PagerDuty Routing Rules: The Hard Cases

Routing alerts to the right team. The hard cases and the patterns.

The easy cases

Service to team, severity to escalation policy, business hours vs after hours. PagerDuty handles these natively with event rules.

Most teams stop here. The catalog is small; the rules are clear. Worth keeping it that way as long as possible.

Trouble starts when business and topology force exceptions.

Cross-team services

Service is owned by team A but rules into a feature owned by team B. A page on the feature should hit team B; a page on the platform should hit team A.

Use PagerDuty event orchestration with custom fields. The alert payload tags the feature; rules route accordingly.

Document the routing decision in the runbook. The on-call from team B should not have to ask team A's history to understand.

Time-of-day routing

Some teams have follow-the-sun coverage. Pages route to APAC overnight, EU during European day, US during American day.

PagerDuty schedules support this; event orchestration can override per service.

Test the boundaries.

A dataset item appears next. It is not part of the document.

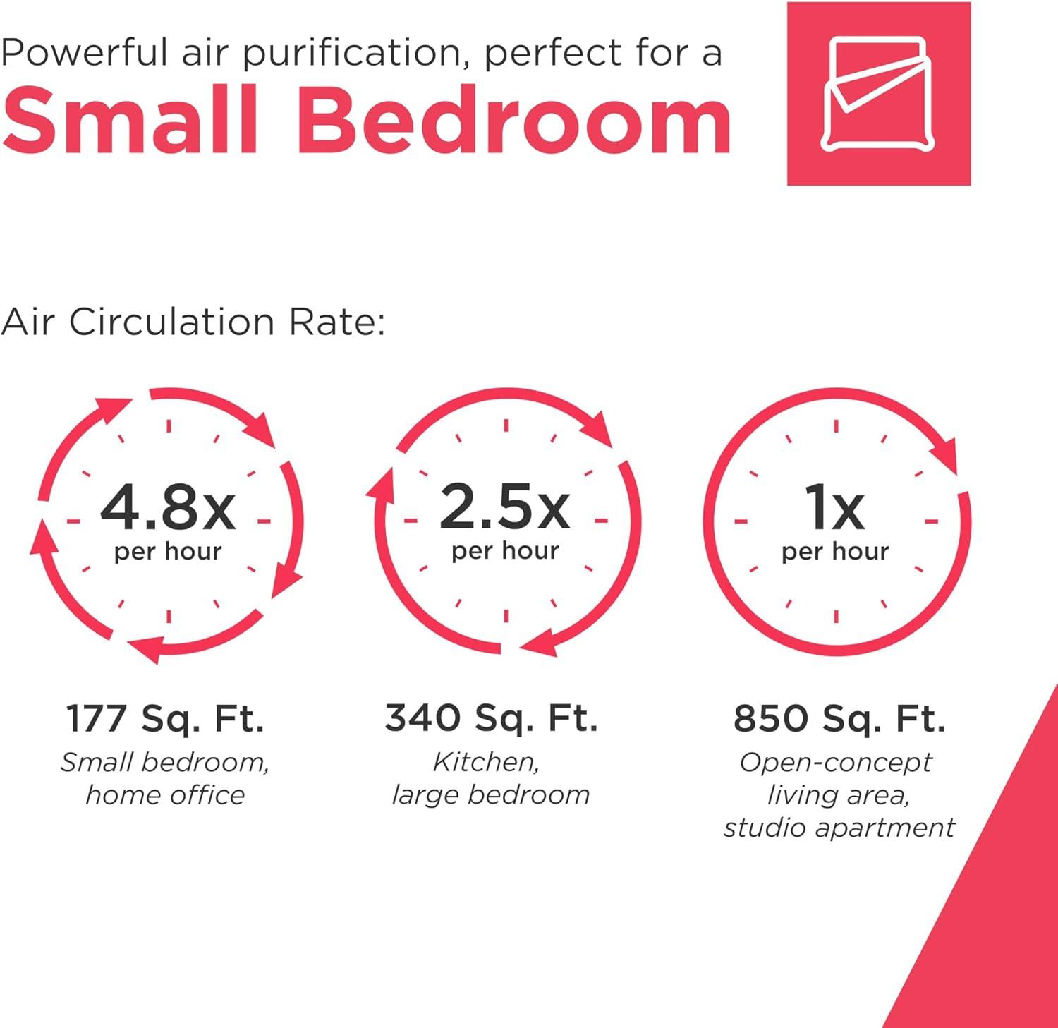 Continuous Air Circulation: This air purifier filters the air 4.8x per hour in rooms up to 351 sq. ft. or 1x per hour in rooms up to 1,685 sq. ft., ensuring consistent air quality and freshness*

The 06:00 UTC handover is where routing bugs live; verify a synthetic page right at the boundary.

Vendor and third-party pages

AWS Health, Cloudflare incidents, GitHub status. These are signals, not pages, for most services.

Route to a Slack channel by default. Page only if the affected service is tier 1.

Use Statuspage's API to fan in vendor incidents to your alerting backbone, then apply your own routing logic.

Apply this quarter

Audit your event rules. Anything older than 6 months without a recent edit is suspect.

Document each non-trivial rule in a comment field. The next person to touch it needs the context.

Run a synthetic page test monthly. Routing breaks silently; only synthetic tests catch it.